1. Male aged 18 years or older.

2. Histological, pathological, and/or cytological confirmation of adenocarcinoma of the prostate.

3. Ineligible or averse to chemotherapeutic treatment options.

4. Patients must have progressive mCRPC at the time of consent based on at least 1 of the following criteria:

a. Serum/plasma PSA progression defined as increase in PSA greater than 25% and >2 ng/mL above nadir, confirmed by progression at 2 time points at least 3 weeks apart.

b.

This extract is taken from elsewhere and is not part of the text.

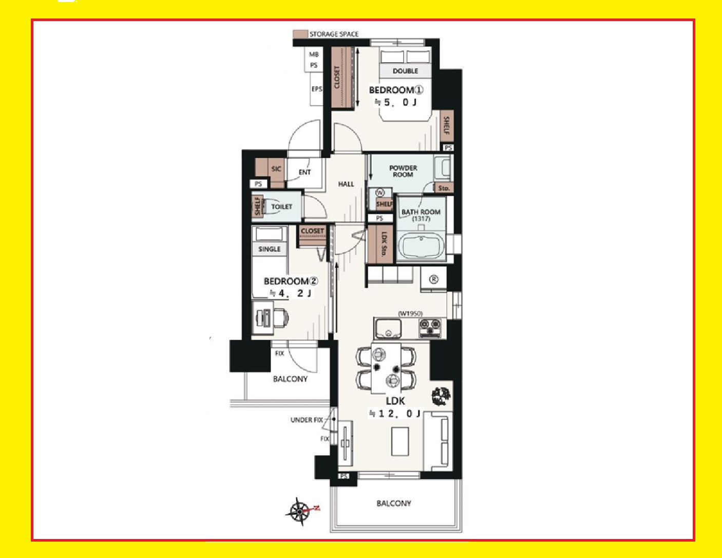 2LDK、専有面積51.62㎡、バルコニー面積8.21㎡

Soft-tissue progression defined as an increase ≥20% in the sum of the diameter (SOD) (short axis for nodal lesions and long axis for non-nodal lesions) of all target lesions based on the smallest SOD since treatment started or the appearance of one or a new lesion.

c. Progression of bone disease: evaluable disease or one new bone lesion by bone scan

5. Previous treatment with one ARAT (abiraterone or enzalutamide or darolutamide or apalutamide) in either the CSPC or CRPC setting.

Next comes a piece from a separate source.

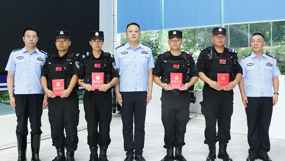 在古蔺县公安局联勤警务站,刘纲为在齐胸洪流中救起被困小孩的辅警康安友和3名在救援工作中表现突出的同志,颁发了市局战时奖励证书。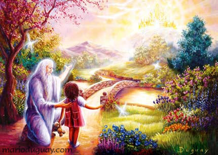 Omsider nådde jeg toppen av den siste fjellkjede, som var mellom meg og den gyldne port, og jeg så ut over et vidunderlig skjønt landskap. Vinden bevegde trærnes løvrike kroner liksom en velkomst til meg. Foran meg lå den skinnende floden, ved hvis bredder det vokste blomster av en skjønnhet og med en duft jeg ikke kan beskrive. Og på den andre siden av floden så jeg den gyllne port. Med en voldsom følelse av glede kastet jeg meg i floden og svømte over til den andre siden. Det friske vann lukket seg over mitt hode, mens jeg dukket og svømte. Min kledning var drivvåt da jeg steg opp på den motsatte bredden, men et øyeblikk etter var den tørr. Jeg så ned på meg selv og ble meget overrasket. Den grå kjortel med de tre hvite kanter bar jeg ikke mer; i stedet for hadde jeg fått en blendende hvit kjortel, med en gylden kant og et gyllent belte. Min sjel ble oppfylt av glede og takknemlighet. Jeg så min kledning:

6. PSMA-PET scan (i.e., 68Ga-PSMA-11 or 18F-DCFPyL) positive as determined by the sponsor's central reader.

7. Castrate circulating testosterone levels (<1.7 nmol/L or <50 ng/dL).

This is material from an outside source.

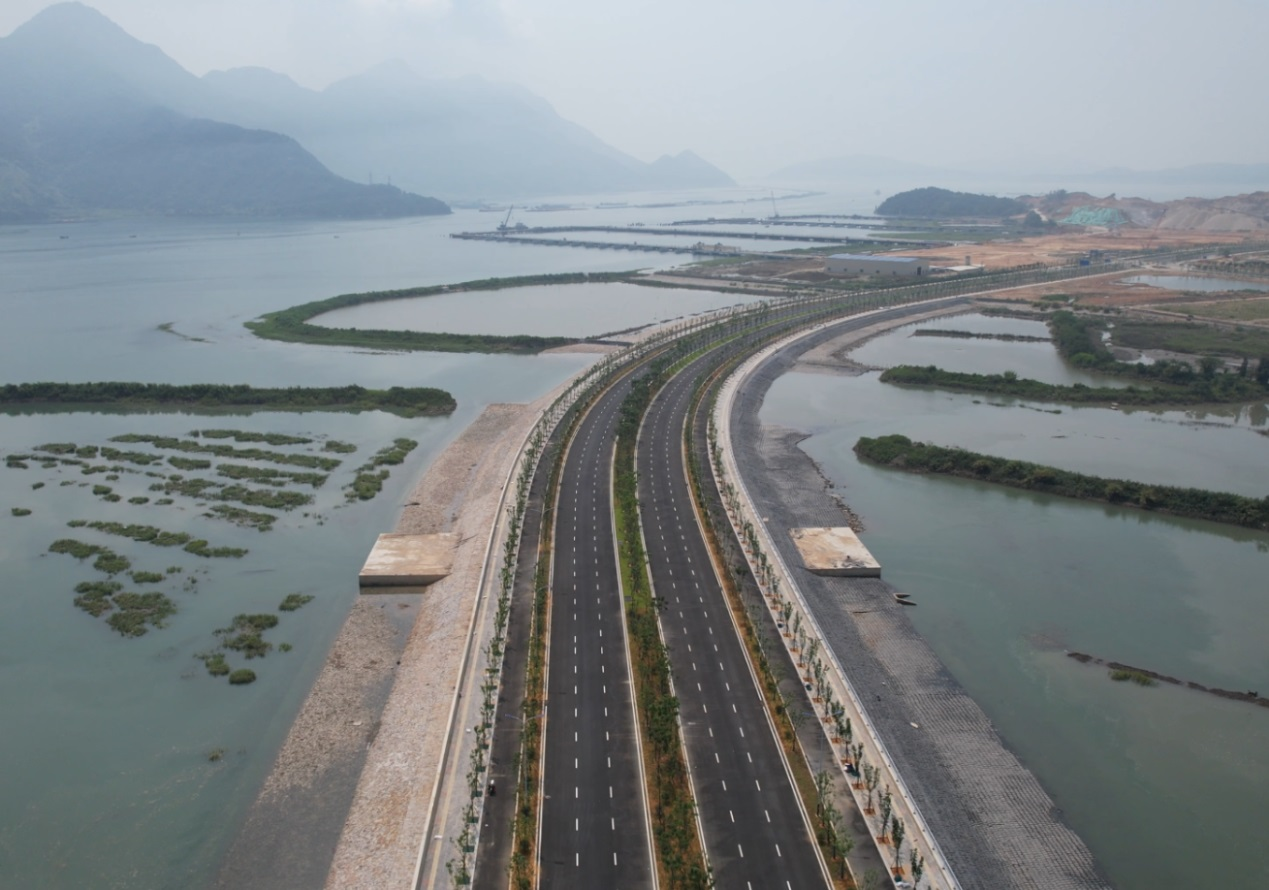 宁德市漳湾大道(下塘至鸟屿段)工程为省市重点项目,道路全长约2.5公里、宽度50米(其中1.29km为堤路结合段),兼具防潮海堤与码头疏港通道双重功能。本工程的建成投用完善了宁德市主城区和宁德(漳湾)临港工业区冶金产业园主干路网,发挥了区域防洪防潮功能作用,为福州港三都澳港区漳湾作业区等重大项目提供交通保障,进一步推动了沿线港口码头开发建设工作。

8. Adequate organ function, independent of transfusion:

a. Bone marrow reserve: i. White blood cell (WBC) count ≥2.5 × 109/L OR absolute neutrophil count (ANC) ≥1.5 × 109/L.

ii. Platelets ≥100 × 109/L. iii. Hemoglobin ≥8 mmol/L. b. Liver function: i. Total bilirubin ≤1.5 × institutional upper limit of normal (ULN). For patients with known Gilbert's syndrome, ≤3 × ULN is permitted.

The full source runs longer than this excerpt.